Using an explicit proxy for filtering has the advantage that in-band authentication against the proxy can be required, i.e. identifying the user by username instead of source IP address. Another advantage is that the connection from the client ends at the proxy, and the proxy then only forwards the request to the server given in the HTTP proxy request if the ACL check is fine and maybe after rewriting parts of the request (like making sure that the Host
header actually matches the target host). Contrary to this in inline-IDS/IPS (which is the basic technology in many NGFW) the connection setup from the client is already forwarded to the final server and ACL checks are done based on the Host
header, which might or might not match the IP address the client is connecting to. This is actually used by some malware C2 communication to bypass blocking or detection by claiming a whitelisted host in the Host
header but having actually a different target as IP address.
Some examples as follows:
- To enable a firewall rule like 'proxy server to any destination on 80, 443' instead of from 'any internal to any external'
- To monitor all websites visited through logs
- To control, limit, filter websites visited through enforcing rules - these could be lists of approved sites, blacklisted sites, content categories etc
- To enforce user authentication to use the internet - e.g. limiting to domain users, certificate holders
- You could have separate egress points for different contexts if you're on VPN, in local office, on workstation, on a server
For the "original" reason, think back to 1993, when Netscape 0.9 was released. It had a "Mail and Proxies" Options dialog (per a copy of the manual). At that time, most Internet links were 56-kbit or fractional T1 lines between university campuses and government. There were several ways an HTTP proxy could help or even be required:
- The web-browser might be on a TCP/IP LAN with no (IP-level) routing to the Internet, but with a host dual-homed on that LAN and the Internet. The dual-homed host could run an HTTP proxy service and a DNS proxy service, allowing clients on the LAN to access the Web. (Note that the RFCs describing the standard private-address ranges and NAT, RFC 1597 and RFC 1631, were not published until March and May of 1994.)

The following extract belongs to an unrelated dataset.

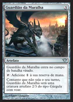 : Adiciona a sua reserva de mana. Enquanto não for seu turno, Warden of the Wall é uma criatura artefato 2/3 do tipo Gárgula com Voar. | | Série: |  | | Raridade: | Incomum | | Card: | 153 |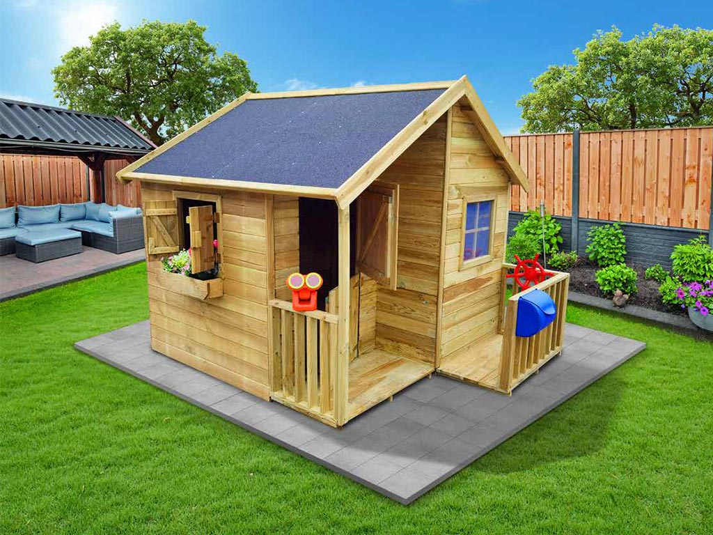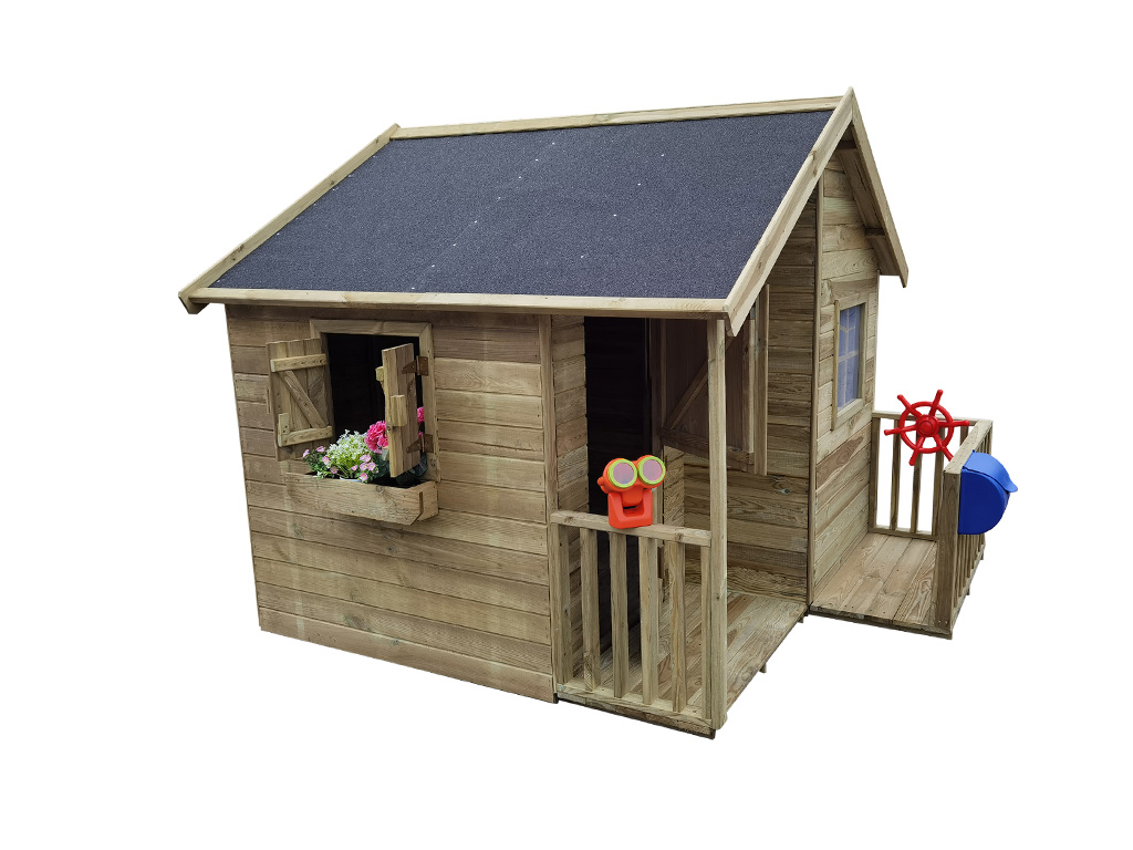 Das Spielhaus lässt sich ganz nach den Wünschen deiner Kinder um vielfältiges Zubehör, wie z.B. einen Briefkasten, ein Spieltelefon oder ein Lenkrad erweitern. In jedem Fall empfehlen wir dir die Dacheindeckung mit funktionalen und dekorativen Dachschindeln. Bitte beachte hierzu unser großes Zubehör-Sortiment.

- Even if the LAN had routable addresses, or even after NAT was deployed, the off-site bandwidth was probably a lot less than the local bandwidth between clients and a potential proxy location. As long as the clients were browsing a significant amount of the same, static or slowly-changing, content, the proxy made things better for the clients (by returning cached content quickly) as well as the network operator (by freeing up bandwidth for other network functions, or reducing charges for data usage when billing was per-packet or per-byte).
- If enough end users were behind proxies, it took the edge off what would 10 years later be called the "Slashdot effect": origin servers for worldwide-popular content would only have to serve it to each proxy, not to each end user.
Of course, sending all HTTP traffic through a designated process also makes that process a good control-point for applying security policy: filtering by keywords in the (decoded) request or response body; only allowing access to users who authenticate to the proxy; logging.
Yes, there are organizations that "push" a proxy policy to end-user devices they control, and enforce it by a restrictive policy at the border routers.
Also note that even if you think you're browsing on a "clean" network, your traffic may be going through a proxy; see for example the Transparent Proxy with Linux and Squid mini-HOWTO.
But it's true that an explicitly-configured proxy may give little advantage or even make browsing a lot worse on today's Internet. When popular websites use CDNs, and most content is dynamic, and even content that seems like it could be cached (like Google Maps tiles and Youtube video data) is varied based on browser version, OS, screen size, or even a random cookie meant to make it uncacheable, caching saves little bandwidth for a cache near the end-user (although origin servers often have caches in front of them). For the uncacheable content, another cache adds RTT to every request, making browsing slower.